Der Bund will bisher den Streckenbau nicht finanzieren, weil der Weiterbau der S-Bahn zwar insgesamt wirtschaftlich wäre, aber vor allem für Bewohner in Spandau. Brandenburger hätten dagegen auch Nachteile, weil bei einem S-Bahn-Betrieb weniger Regionalzüge fahren würden, die ihr Ziel in der Innenstadt schneller erreichen als die S-Bahn. Der Senat prüft deshalb derzeit, ob die S-Bahn lediglich bis zur Station Hackbuschstraße verlängert werden kann, was wiederum aber dem Bezirk nicht behagt, der dort Probleme mit Parkplätzen sieht. Er würde die Strecke deshalb lieber bis Albrechtshof verlängern lassen. Auch Wowereit und Grube haben sich bei ihrem Spitzentreffen hier nicht festgelegt.

Das nordwestlich Berlins gelegene Velten bleibt bei seinem Wunsch, die S-Bahn von Hennigsdorf aus zu verlängern. Die erforderliche Kosten-Nutzen- Untersuchung hat die Kommune selbst auf den Weg gebracht.

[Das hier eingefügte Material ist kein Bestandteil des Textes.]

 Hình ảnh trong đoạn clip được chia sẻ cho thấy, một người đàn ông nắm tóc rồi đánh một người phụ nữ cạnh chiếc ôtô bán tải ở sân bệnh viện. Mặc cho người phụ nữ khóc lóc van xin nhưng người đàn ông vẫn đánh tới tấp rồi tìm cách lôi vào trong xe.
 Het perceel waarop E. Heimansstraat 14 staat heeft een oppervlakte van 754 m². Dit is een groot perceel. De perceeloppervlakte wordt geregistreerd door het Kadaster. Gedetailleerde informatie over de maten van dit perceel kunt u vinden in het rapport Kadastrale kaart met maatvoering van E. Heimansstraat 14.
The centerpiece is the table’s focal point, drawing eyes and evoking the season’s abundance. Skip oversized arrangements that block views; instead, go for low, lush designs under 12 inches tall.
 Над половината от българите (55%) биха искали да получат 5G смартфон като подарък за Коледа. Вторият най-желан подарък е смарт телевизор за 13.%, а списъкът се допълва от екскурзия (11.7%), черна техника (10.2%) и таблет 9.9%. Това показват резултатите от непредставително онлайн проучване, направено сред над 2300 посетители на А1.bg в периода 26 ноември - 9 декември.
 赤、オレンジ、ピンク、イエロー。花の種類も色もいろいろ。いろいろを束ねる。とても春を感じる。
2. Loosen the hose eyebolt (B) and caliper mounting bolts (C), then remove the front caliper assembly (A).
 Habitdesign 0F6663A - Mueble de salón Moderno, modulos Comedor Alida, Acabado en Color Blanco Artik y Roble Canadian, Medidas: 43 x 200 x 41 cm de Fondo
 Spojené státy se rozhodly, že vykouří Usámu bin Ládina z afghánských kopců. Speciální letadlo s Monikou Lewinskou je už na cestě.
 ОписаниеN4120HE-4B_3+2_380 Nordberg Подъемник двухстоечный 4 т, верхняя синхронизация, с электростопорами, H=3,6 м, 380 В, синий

Auch in Rangsdorf südlich von Berlin gibt es weiter Pläne zur Verlängerung der S-Bahn. Und im Berliner Südwesten ist vor kurzem erst von Kleinmachnow und dem Bezirk Steglitz-Zehlendorf angeregt worden, auf der Trasse der sogenannten Stammbahn, auf der 1838 die erste Eisenbahn in Preußen zwischen Berlin und Potsdam fuhr, wieder Gleise für die S-Bahn zu bauen. Zwischen Zehlendorf und der neuen Endstation Kleinmachnow/Dreilinden sollen Zwischenhalte in Zehlendorf-Süd und Düppel/Kleinmachnow entstehen. Bis dorthin fuhren nach dem Krieg bereits S-Bahnen. 1980 hatte die Reichsbahn aber den Betrieb eingestellt. (kt)

(Erschienen im gedruckten Tagesspiegel vom 15.07.2009)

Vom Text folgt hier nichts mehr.